First, it was the trackpoint (or whatever it was called) on IBM ThinkPad laptops, and then the flat touchpad on later HP and other laptops.
| 12:46 am on Oct 5, 2008 (gmt 0)|
agree with tangor ( I use a lot of wacom )
I would love a ..horizontal lcd with touch and with keyboard ( as a touch on a button to "flip" to keyboard ..touch another to go to standard touch screen ..and still with wacom pen options would be great ) ..hint to wacom ..around 17 to 19 inches would do fine ..
problem is it will either be a long time coming ..or as usual ( where I am wacom are expensive ..about twice US cost ..) like their current big touch screen Cintiq 21 around €2500.00...here .cordless would be nice too ..with RRFC ..

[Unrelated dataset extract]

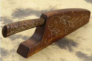 The handle and stand are both formed from curly maple and have been decorated with fine silver inlay. Vines and leaves traverse the surface. An antiqued bronze bolster completes the handle. The presentation stand has been nicely weighted for a secure, stable base. Tremendous fit and finish throughout!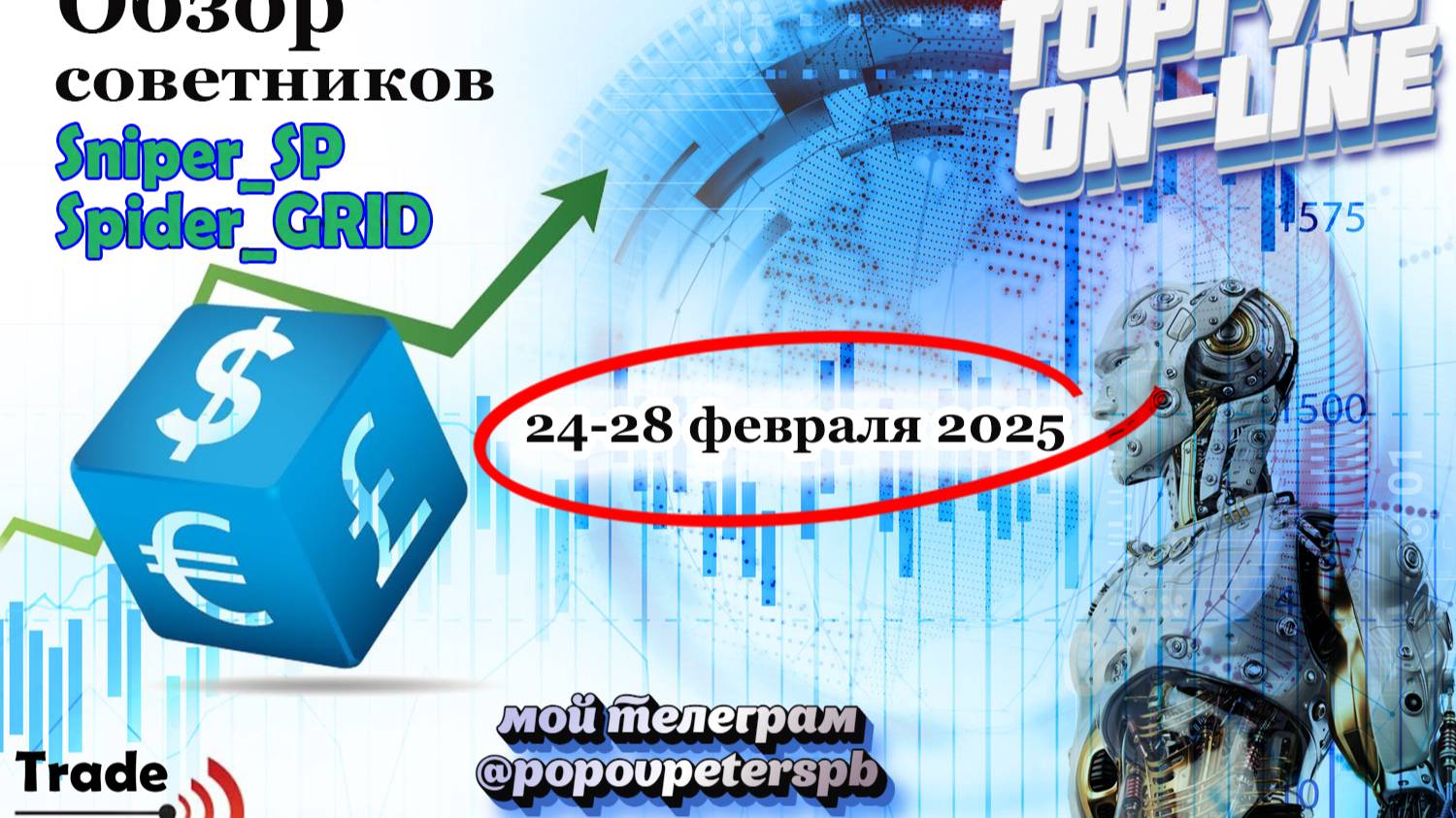 Всем привет. Мой канал - единственный, где показываю работу своего торгового советника SniperSP для рынка форекс, где бот зарабатывает в режиме онлайн. Показываю все сделки бота, статистику и принцип работы советника. Также, для всех пользователей бота SniperSP есть отдельный канал в телеграм, где постоянно оказываем тех. поддержку. Советник SniperSP написан точно по системе SPIDER и СНАЙПЕР. Обе системы совмещены в этом боте. Каждая сделка имеет стоп и тейк Бот не усредняется, Бот не строит сетку ордеров Бот не использует Мартингейл Работает на полном автомате и зарабатывает Бесплатно сигналы на рынок форекс Брокеры партнеры, которые дадут вам лучшие условия для получения советника SniperSP GracexFx https://gracexfx.com/?promo=6959353 Амаркетс https://profit-market.info/fx/?g=ELIG6 Робофорекс https://my.roboforex.com/en/?a=crjw FxPro https://fxpro-direct.com/ru/partner/9... Открытая ссылка на канал в ТЕЛЕГРАМ: https://t.me/Trade_fm_forex Телеграм: @popovpeterspb https://vk.com/trade_fm

interesting that visualplanet foils go upto 116" ..nice size for a desktop ..makes me think of the machine that Bjork uses the "reactable" and other touchscreen synths ..
"painter" on a touchscreen is real interesting ..
| 4:41 am on Oct 5, 2008 (gmt 0)|
|A Gartner analyst predicts the demise of the computer mouse in the next three to five years. |
This Gartner analyst will most likely be fired soon due to stupid predictions such as this. There will certainly be combinations of touch and mouse however.
| 9:19 am on Oct 5, 2008 (gmt 0)|
|This Gartner analyst will most likely be fired soon due to stupid predictions such as this. |
on the contrary, stupid predictions are a great way to make a name for yourself. These days you don't get any traction talking about "current trends." Nobody's interested. You have to dress it up as a "prediction."
| 12:15 pm on Oct 23, 2008 (gmt 0)|
Well something might replace the mouse but except for pocket devices I predict that it isn't going to be touch screen.